Projects
Sentiment Analysis of Movie Reviews
Predicting sentiment (positive/negative) of movie reviews using NLP and machine learning. (Scikit-learn, NLTK, Pandas)
This project delved into the application of natural language processing (NLP) techniques for classifying sentiment (positive or negative) within movie reviews. Leveraging key libraries like scikit-learn, NLTK, and Pandas, I meticulously preprocessed the text data, including tokenization, stop word removal, and stemming. To extract meaningful features, I employed the Term Frequency-Inverse Document Frequency (TF-IDF) weighting scheme.
Extensive model exploration revealed a tie between two top performers Support Vector Machines (SVM) with both linear and RBF kernels achieved an impressive accuracy of 89.9%. Due to its simplicity and ease of deployment, I prioritized the linear SVM as the best model. Analysis of the confusion matrix highlights a subtle bias towards positive classifications, presenting an interesting area for further optimization and potential exploration of techniques to address class imbalance.
StudyBuddy
An AI-powered study companion application built with React and Cloudflare Workers, integrating Anthropic’s Console, OpenAi’s API and GroqCloud for all sorts of ai computational activities.
StudyBuddy AI is an innovative educational platform designed to revolutionize the way students learn and interact with study materials. Leveraging React for a dynamic frontend and Cloudflare Workers for a serverless backend, this project seamlessly integrates Anthropic’s Claude AI model to provide intelligent, context-aware study assistance. The application offers personalized learning experiences, real-time explanations across various subjects, and chat-based interactions for in-depth topic exploration.
A key technical challenge was implementing a scalable architecture capable of handling real-time AI interactions while maintaining low latency. This was achieved through strategic use of Cloudflare Workers and D1 database for efficient data management and API routing. The project features a sophisticated user authentication system with tiered access levels, integrated with Stripe for seamless subscription management. The application includes features such as chat history management, PDF document analysis, and adaptive responses based on user subscription levels. Ongoing development focuses on enhancing the AI’s contextual understanding of educational content and implementing advanced analytics to track and optimize user learning paths.

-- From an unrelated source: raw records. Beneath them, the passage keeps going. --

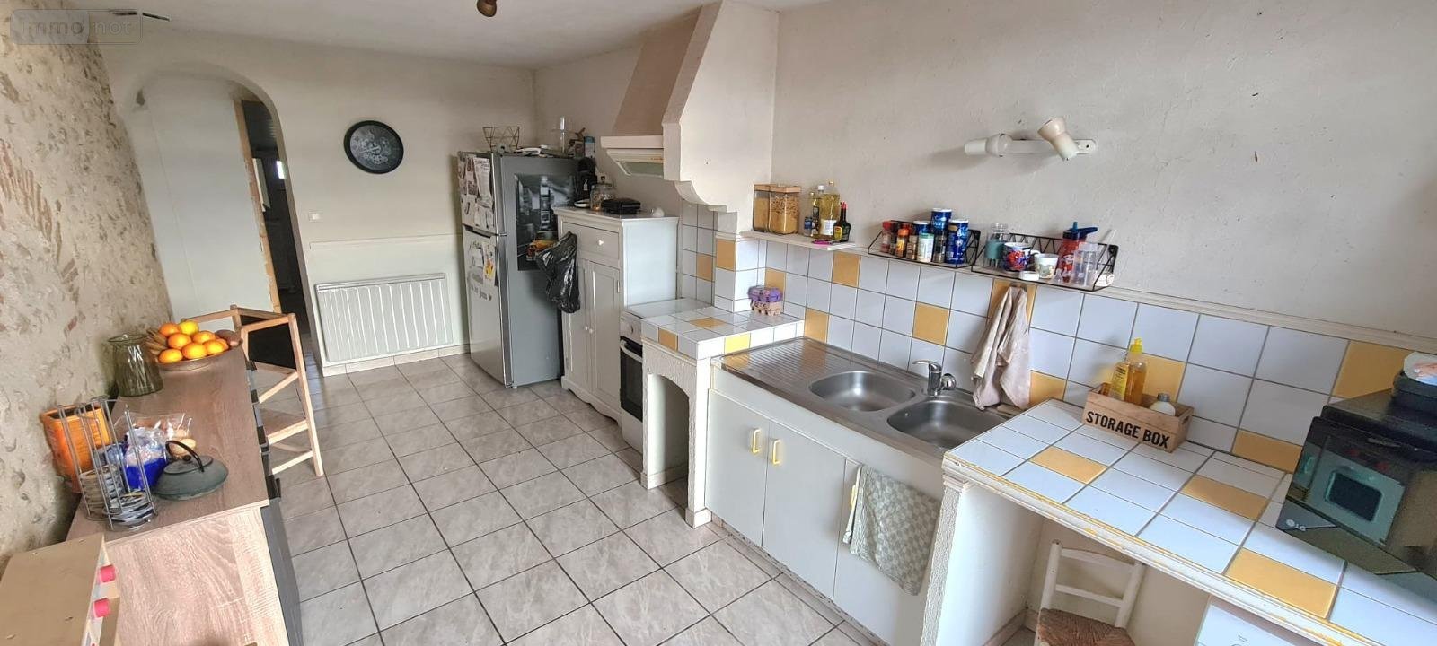 Cuisine, salle de bains, W.C., débarras, cave, séjour, deux chambres.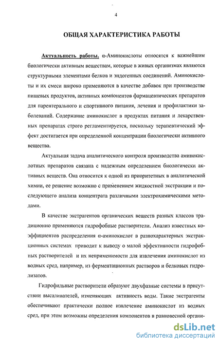 Актуальность работы. -Аминокислоты относятся к важнейшим биологически активным веществам, которые в живых организмах являются структурными элементами белков и эндогенных соединений. Аминокислоты и их смеси широко применяются в качестве добавок при производстве пищевых продуктов, активных компонентов фармацевтических препаратов для парентерального и спортивного питания, лечения и профилактики заболеваний. Содержание аминокислот в продуктах питания и лекарственных препаратах строго регламентируется, поскольку терапевтический эффект достигается при определенной концентрации биологически активного вещества.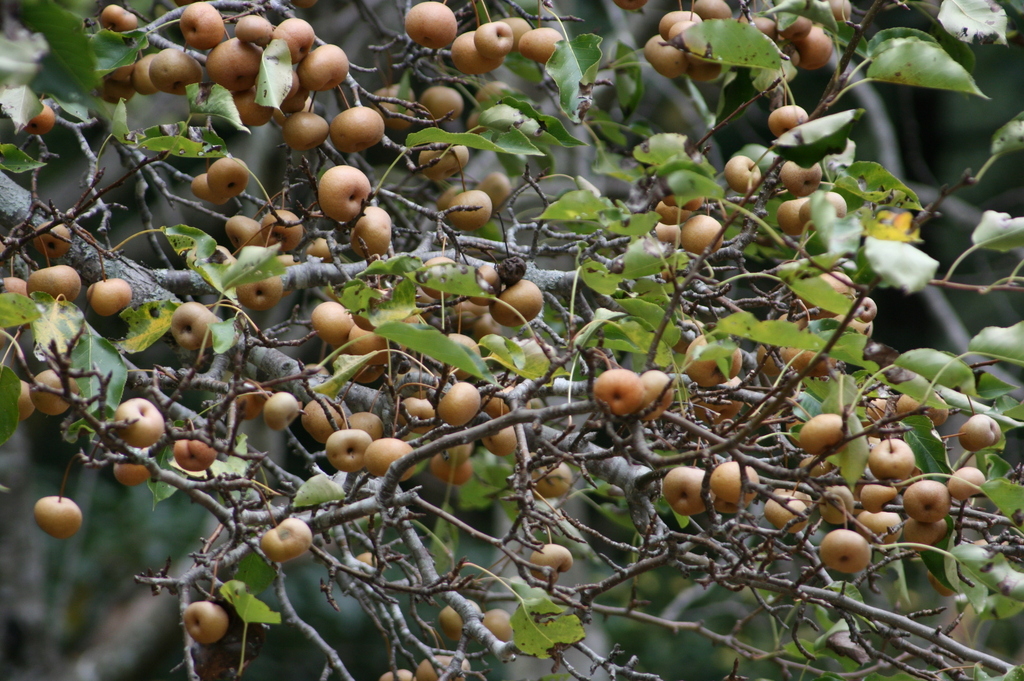こんなに実がなっているのはじめて見ました。梨の原種だけあって果物の梨とをそのまま小さくしただけの形をしてますね、でも食べると美味しくないらしいですが・・・。

Bible-Based Language Model (TBC)
Developing a specialized T5-based language model for biblical text analysis and generation using PyTorch and Hugging Face Transformers.
Current Status: NEED COMPUTE
This project focuses on creating a sophisticated language model tailored for biblical texts and theological analysis. Utilizing the T5 architecture and PyTorch, I implemented a comprehensive data preprocessing pipeline to handle multiple Bible versions and theological texts. The model is designed to perform various tasks including verse completion, thematic analysis, and contextual interpretation of biblical passages.
A hybrid training approach was employed, leveraging transfer learning from smaller to larger models to optimize performance. Custom evaluation metrics were developed to assess the model’s capability in tasks specific to biblical understanding. The evaluation framework provides insights into the model’s performance across different aspects of biblical knowledge and interpretation. While initial results show promise in capturing biblical language patterns, ongoing work focuses on refining the model’s accuracy and contextual understanding.